We get some of the Gunslinger’s history, as well as some of the history between him and The Man in Black. I found the whole thing very compelling, particularly his relationship Jake (and how he ultimately betrays Jake to catch the Man in Black).

You begin to realize that the Gunslinger is in a universe other than our own. It’s similar, but not exactly the same, and that there are other universes out there that can be traveled between (and dying in one doesn’t necessarily mean you’ve died in all of them).

How to travel between said universes isn’t made clear, but that’s part of why the Gunslinger is chasing the Man in Black and has something to do with The Dark Tower, which seems to be the point at which all the universes are connected.

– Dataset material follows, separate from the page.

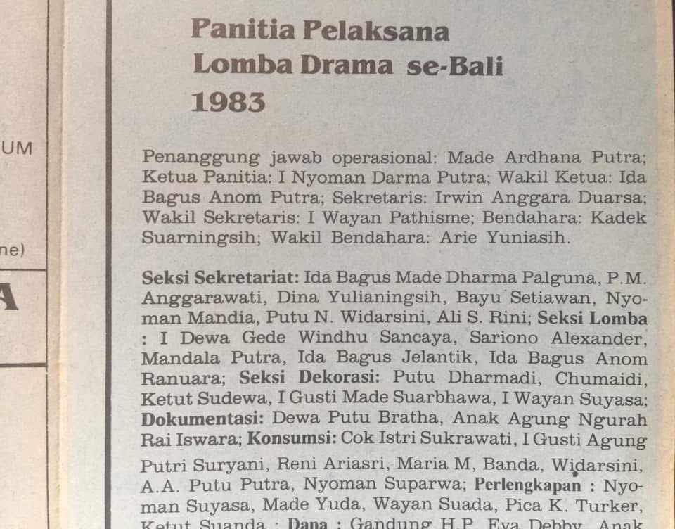 Darma Putra juga mengingat kembali relasi personal dan historisnya dengan Sanggar Putih. Ia merupakan Ketua Panitia Lomba Drama Modern Fakultas Sastra Universitas Udayana tahun 1983. Dalam ajang tersebut, Sanggar Putih berhasil meraih juara II, sedangkan juara I diraih oleh Sanggar Nyuh Gading.
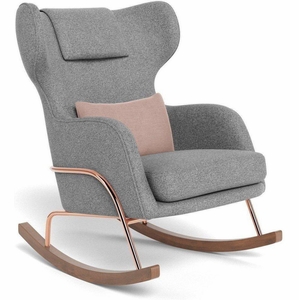 Monte Design Grand Jackson Rocker - Rose Gold Copper / Performance Weave Pepper Grey Fabric / Brushed Cotton-Linen Blush Pillow

Right now, the genre of the series seems unclear. It seems a dark sci-fi/fantasy/horror series, and I can’t wait to see how the series continues. Since King considers ‘The Dark Tower’ series his magnum opus, I expect big things.

So far, beyond this book, I’ve read It and some short stories by King, and my mom says a lot of his books borrow from this series. I don’t consider King an incredible writer, per se. His writing is average in terms of expression and beauty of prose; however, he’s a hell of a storyteller. I got sucked into The Gunslinger within the first few pages and read the whole thing in three days. I would have finished It much faster, but that book involved my two biggest fears – spiders and clowns – so I had to keep putting it down and kept having nightmares about a clown with pointed teeth that was out to kill me.

I’ve bought the next book, called The Drawing of the Three, which is supposedly more like a regular book than like reading a comic book, at least according to my friend.

But The Drawing of the Three will have to wait, at least until I’m done with one of the two books I started. I’m currently in the middle of both A Storm of Swords (the next book in the ‘A Song of Ice and Fire’ series) and Blue Magic, the sequel to Indigo Springs, by A.M. Dellamonica.